Inadvertently including files that are not necessary for building an image results in a larger build context and larger image size.

This can increase the time to build the image, time to pull and push it, and the container runtime size.

"this can increase'..."

I suggest the very first guideline should be a general statement about image size, as many of these individual items address that general concern



2. Exclude with .dockerignore

Exclude files not relevant to the build with a .dockerignore file.

This file supports exclusion patterns similar to .gitignore files.





3.Use multi-stage builds

Multi-stage builds reduces the size of an image, without worrying about the number of intermediate layers and files.

An image is built during the final stage of the build process. The number of image layers can be minimized by leveraging build cache.

For a build that contains several layers, order them from the less frequently changed (re-use build cache) to the more frequently changed:

  • Install tools you need to build your application

  • Install or update library dependencies

  • Generate your application

"the number of layers..." Perhaps say "see below 'Re-use the build cache'



4. Don’t install unnecessary packages

Avoid installing extra or unnecessary packages.

This will reduce complexity, dependencies, file sizes, and build times,  Don't include a text editor in a database image.





5. Decouple applications

Apply the principle of "separation of concerns."

Each container should have only one concern.
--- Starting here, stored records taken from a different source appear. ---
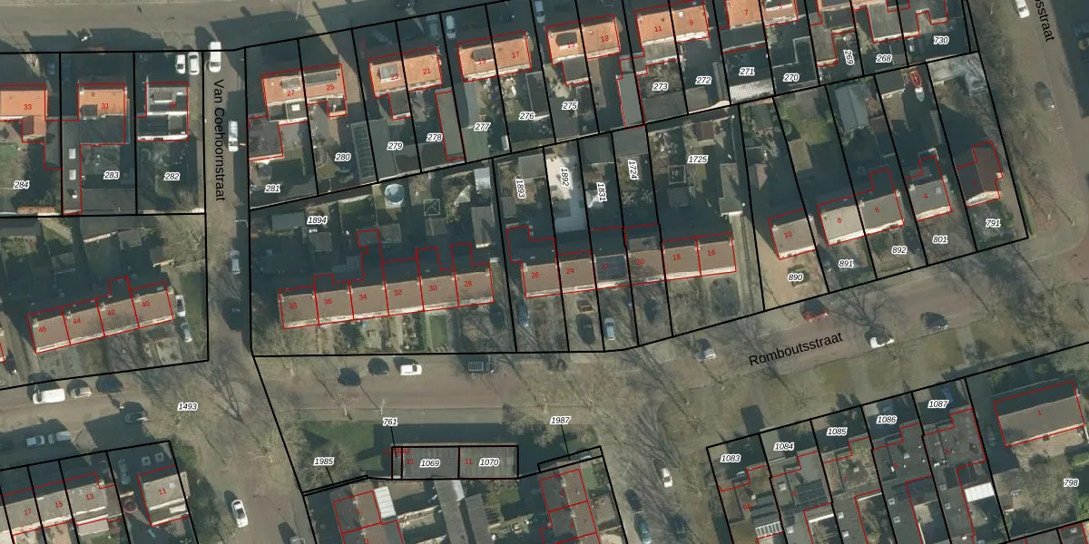 Het perceel waarop Romboutsstraat 26 staat heeft een oppervlakte van 355 m². Dit is een groot perceel. De perceeloppervlakte wordt geregistreerd door het Kadaster. Gedetailleerde informatie over de maten van dit perceel kunt u vinden in het rapport Kadastrale kaart met maatvoering van Romboutsstraat 26.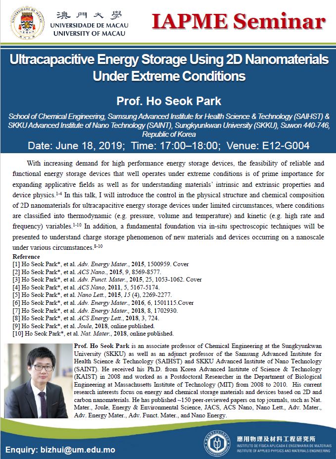 Prof. Ho Seok PARK will give a talk to IAPME. Here is the information,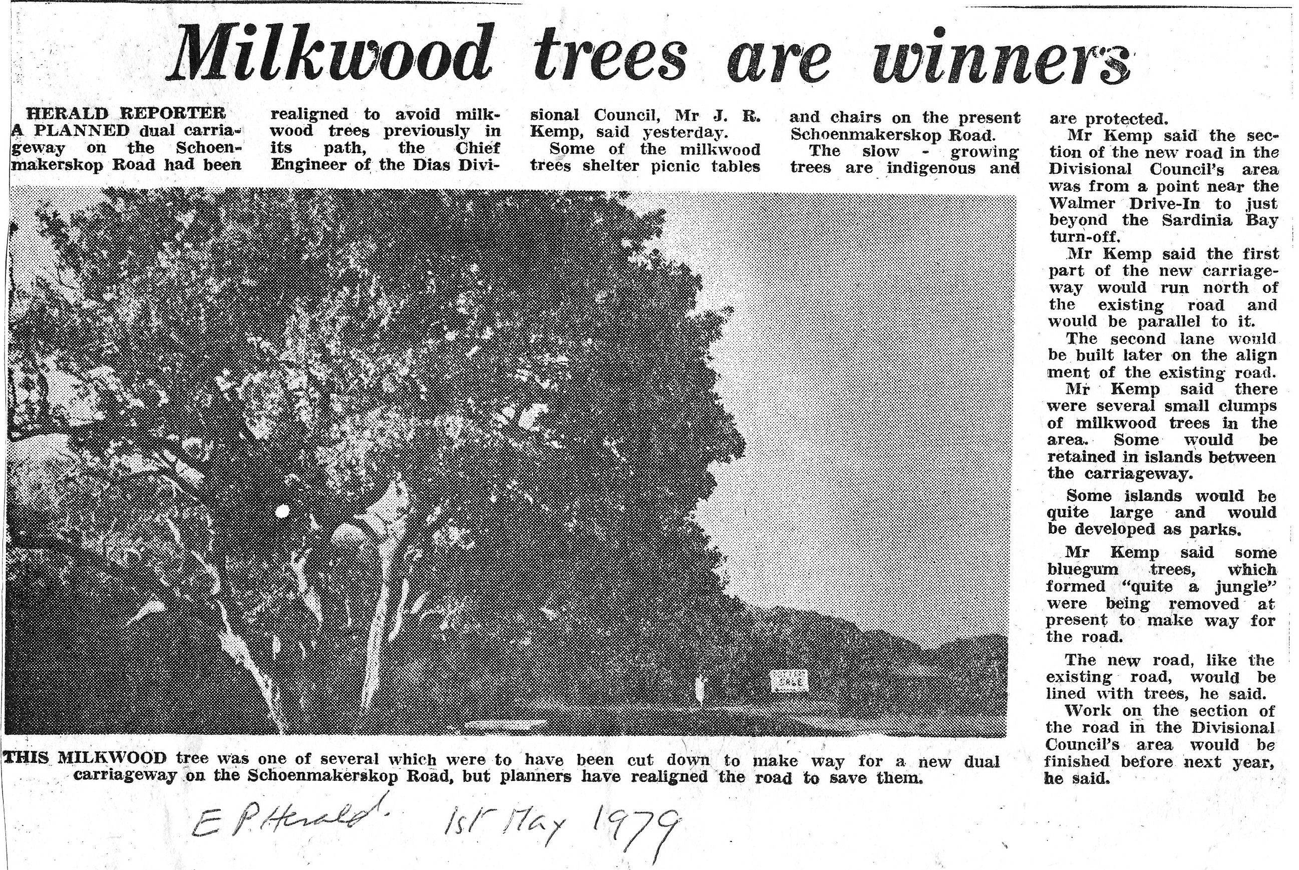 - Caption "This Milkwood tree was one of several which were to have been cut down to make way for a dual carriageway on the Schoenmakerskop Road, but planner have realigned the road to save them. E. P. Herald 1 May 1979."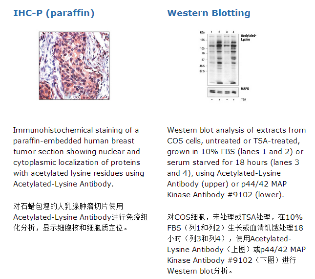 Acetylated-Lysine Antibody detects proteins posttranslationally modified by acetylation on the epsilon-amine groups of lysine residues. The antibody recognizes acetylated lysine in a wide range of sequence contexts. It has been demonstrated to recognize acetylated histones, p53, CBP, PCAF and chemically acetylated BSA. The antibody has been shown to react with as little as 0.04 ng of chemically acetylated BSA while not recognizing up to 25 µg of nonacetylated BSA. (U.S. Patent No's.: 6,441,140; 6,982,318; 7,259,022; 7,344,714; U.S.S.N. 11,484,485; and all foreign equivalents.)

Decoupling applications into multiple containers makes it easier to reuse containers.





6. Minimize the number of layers

The instructions RUN, COPY, ADD create layers and directly increase the size of the build.

Use multi-stage builds, to only copy the artifacts you need into the final image.

Tools and debug information can be added to intermediate build stages without increasing the size of the final image.

"tools and debug info..." I don't understand this. Perhaps an example would be helpful



7. Sort multi-line arguments

To minimize duplication of packages and make the list of packages much easier to update, sort multi-line arguments alphanumerically.





8. Re-use the build cache

As each instruction in the Dockerfile is examined, the builder looks for an existing image in its cache that can be reused, rather than creating a duplicate image.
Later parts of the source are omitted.